Guiding principles and technology
requirements
An enterprise-grade data archiving solution should meet four
key technology requirements:
1. Enterprise architecture
Most enterprises rely on heterogeneous information assets,
solutions and platforms from multiple vendors. A single,
scalable data lifecycle management solution must support
all of these major technologies, providing a common and
reusable interface and processes. The solution should also be
optimized for high-performance connectivity to multiple
data warehousing solutions (such as IBM® PureData™
System for Analytics, which leverages IBM Netezza®
technology; IBM DB2® and IBM InfoSphere® Warehouse;
IBM Informix®; Teradata; Oracle; Microsoft SQL Server;
and Sybase) with support for major operating systems including
IBM z/OS®, IBM i, Linux, UNIX and Microsoft Windows.
Such an enterprise solution should also support a tiered
storage architecture for optimal balance between storage
cost, performance and access requirements. Pre-built
integration with hierarchical storage management (HSM)
systems like IBM Tivoli® or EMC Centera also helps ease
implementation of a tiered archive strategy.
IBM InfoSphere Optim: A single, enterprise-scale
data lifecycle management solution
IBM InfoSphere Optim™ software provides a central data
management solution designed to scale to meet enterprise
needs. Whether addressing a single application, a data
warehouse environment or a global data center,
organizations can use InfoSphere Optim solutions to
streamline data management with a consistent strategy.
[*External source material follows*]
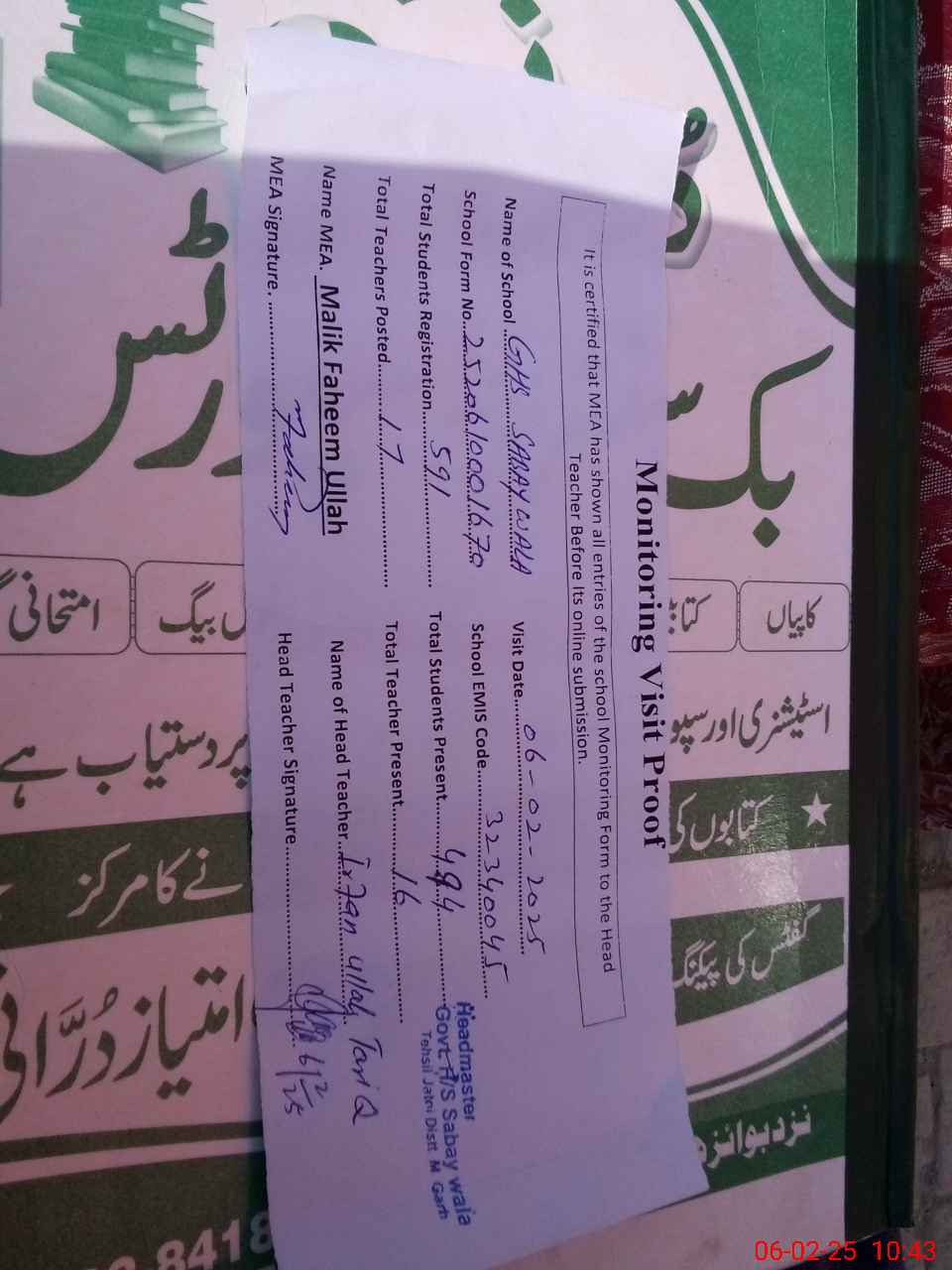 | EMIS Code: 32340045 | Name of School: GHS SABAY WALA | |||

The unique relationship engine in InfoSphere Optim
provides a single point of control to guide data processing
activities such as archiving, subsetting, migrating and
retrieving data. Reusable data management templates
enable consistency and scalability, while advanced
security features provide support for role-based access
and activity permissions.
InfoSphere Optim supports major data warehouse
environments, including IBM PureData System for
Analytics, IBM InfoSphere Warehouse, Teradata and
Oracle. It also supports enterprise databases and
operating systems, including IBM DB2, IBM Informix,
IBM IMS™, IBM Virtual Storage Access Method (VSAM),
IBM z/OS, Oracle Database, Sybase, Microsoft SQL Server,
Microsoft Windows, UNIX and Linux. In addition,
InfoSphere Optim supports key ERP and CRM packaged
applications such as Oracle E-Business Suite, PeopleSoft
Enterprise, JD Edwards EnterpriseOne, Siebel CRM,
Amdocs CRM and SAP applications, as well as many
custom applications.
IBM Software 11
2. Complete business objects
From a database perspective, a business object represents a
group of related rows from related tables across one or more
applications, together with its related metadata (information
about the structure of the database and about the data itself).
Capturing the complete business object offers a complete view
of the business activity surrounding a particular transaction.
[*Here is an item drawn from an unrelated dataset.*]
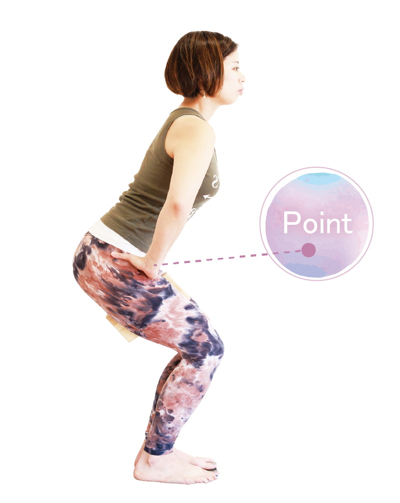 太もものつけ根に小指側を当て、上体を股関節から前に倒す。息を吐きながらゆっくり後ろにお尻をひく。

Data warehouses are required to represent these relationships
accurately, whether in a star schema, snowflake or hybrid
data model. When the high-level entity, such as an order, is
archived, the corresponding line items should be archived as
well. If this does not happen, then data integrity is lost. Such
connections form a complete business object—so enterprises
should look for archiving software that represents and
preserves such complex entities in a simple, easy-to-manage
and high-performing way.
3. Discovery and understanding data structures
To archive complete business objects, enterprises need
archiving solutions with robust data discovery and metadata
mining capabilities. The solution should be able to discover,
analyze and document data models with accurate schema
and data relationships from data warehousing systems in
multiple ways. It should allow IT staff to reverse-engineer
a model from an existing source database by mining the
database catalog. Without this, the data model representation
would have to be built manually. If there is no physical or
documented data model representation, the solution should
have automated capabilities for analyzing data values and data
patterns to identify relationships that offer greater accuracy
and reliability than manual analysis.
Archiving solutions must also provide the ability to import
an existing logical model and make changes to it for database
archiving. They should also provide an easy way for IT staff
to incorporate logical data relationships manually for any
custom relationships not represented at the physical layer.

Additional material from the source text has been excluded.